The N&N looks after 350 children with Type 1, a rate three times higher than the average across the country. The Diabetes Clinic has succeeded in putting over half its patients on insulin pumps, which is well above average compared to other regions. We are lucky in Norfolk to have such a dedicated, knowledgeable and passionate team, who love and protect our children. They work with schools to ensure that our children can make the most of their education without risking their health.

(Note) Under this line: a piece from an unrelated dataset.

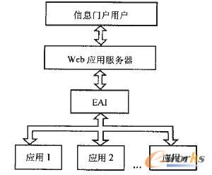 。3)用戶界面層整合。用戶獲得某項業(yè)務活動所需的信息可能需要在多個應用的不同的用戶界面來回切換,在實現(xiàn)數(shù)據(jù)層和業(yè)務功能層整合的基礎上,用戶界面層有必要也有可能實現(xiàn)使用統(tǒng)一界面完成應用間集成的功能。A企業(yè)信息門戶應用就是一個以用戶界面層整合為卞的整合實例,其邏輯結構如圖3所示。

Schools are required, by law, to provide care for children with Type 1, but they need to commit to understanding the child in question and know them well enough to support them effectively. Some children are exceptionally lucky and go to schools that work with them to empower them and work closely with the parents to learn as much as they can. For some schools and parents it can be extremely tough as the school may be required to provide 1-1s and follow complicated care plans.

Diabetes is a ticking time-bomb for the NHS to cope with. Type 2 represents 90% of sufferers; Type 1 less than 10%, many children. Sadly, it is also seeing children with Type 2 now. World Diabetes Day is an opportunity to reflect on the ways in which we can help all people with Diabetes, Type 1 and Type 2, to educate, achieve optimum health and, ultimately, save the NHS a fortune now and in the future.